*WHAT TO WORK ON*: I need the lines below from the one with "Indulge in the" down to the one with "歐式高檔天絲刺綉春秋冬被 加厚被芯白色立體被芯被子雙人床被子" reproduced exactly, both ends included, and nothing else.
DATA PROVIDED START
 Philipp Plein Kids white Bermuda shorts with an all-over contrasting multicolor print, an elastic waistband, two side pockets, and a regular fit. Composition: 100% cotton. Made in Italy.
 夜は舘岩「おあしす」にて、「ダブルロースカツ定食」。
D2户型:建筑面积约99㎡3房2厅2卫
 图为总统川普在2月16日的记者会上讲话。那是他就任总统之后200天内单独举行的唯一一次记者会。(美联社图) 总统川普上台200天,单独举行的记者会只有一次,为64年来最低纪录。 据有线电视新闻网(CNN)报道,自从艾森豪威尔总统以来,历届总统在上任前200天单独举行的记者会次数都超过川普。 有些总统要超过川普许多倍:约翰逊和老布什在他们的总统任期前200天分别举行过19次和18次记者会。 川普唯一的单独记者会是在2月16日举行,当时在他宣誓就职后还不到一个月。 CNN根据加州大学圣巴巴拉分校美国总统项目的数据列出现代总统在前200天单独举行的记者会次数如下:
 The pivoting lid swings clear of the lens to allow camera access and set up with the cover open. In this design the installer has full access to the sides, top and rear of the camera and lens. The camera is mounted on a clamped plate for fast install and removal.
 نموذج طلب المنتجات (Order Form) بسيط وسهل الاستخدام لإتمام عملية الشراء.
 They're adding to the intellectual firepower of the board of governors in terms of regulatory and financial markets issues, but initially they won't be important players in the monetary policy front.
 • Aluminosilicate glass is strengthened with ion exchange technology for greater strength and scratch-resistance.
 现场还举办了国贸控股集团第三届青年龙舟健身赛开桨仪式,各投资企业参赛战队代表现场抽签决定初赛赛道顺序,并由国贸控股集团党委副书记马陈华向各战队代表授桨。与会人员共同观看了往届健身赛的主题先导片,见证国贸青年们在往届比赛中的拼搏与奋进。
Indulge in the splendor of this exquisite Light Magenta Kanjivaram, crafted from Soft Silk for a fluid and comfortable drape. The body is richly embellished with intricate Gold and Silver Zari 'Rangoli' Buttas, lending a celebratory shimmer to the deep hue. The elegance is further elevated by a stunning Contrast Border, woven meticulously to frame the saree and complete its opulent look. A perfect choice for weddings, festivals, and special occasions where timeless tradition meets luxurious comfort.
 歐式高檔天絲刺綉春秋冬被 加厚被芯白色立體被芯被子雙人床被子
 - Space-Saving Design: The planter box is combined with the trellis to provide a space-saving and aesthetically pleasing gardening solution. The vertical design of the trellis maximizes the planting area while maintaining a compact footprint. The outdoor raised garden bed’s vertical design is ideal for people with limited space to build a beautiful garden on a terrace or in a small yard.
DATA PROVIDED END
*RESPONSE AREA*:
Indulge in the splendor of this exquisite Light Magenta Kanjivaram, crafted from Soft Silk for a fluid and comfortable drape. The body is richly embellished with intricate Gold and Silver Zari 'Rangoli' Buttas, lending a celebratory shimmer to the deep hue. The elegance is further elevated by a stunning Contrast Border, woven meticulously to frame the saree and complete its opulent look. A perfect choice for weddings, festivals, and special occasions where timeless tradition meets luxurious comfort.
 歐式高檔天絲刺綉春秋冬被 加厚被芯白色立體被芯被子雙人床被子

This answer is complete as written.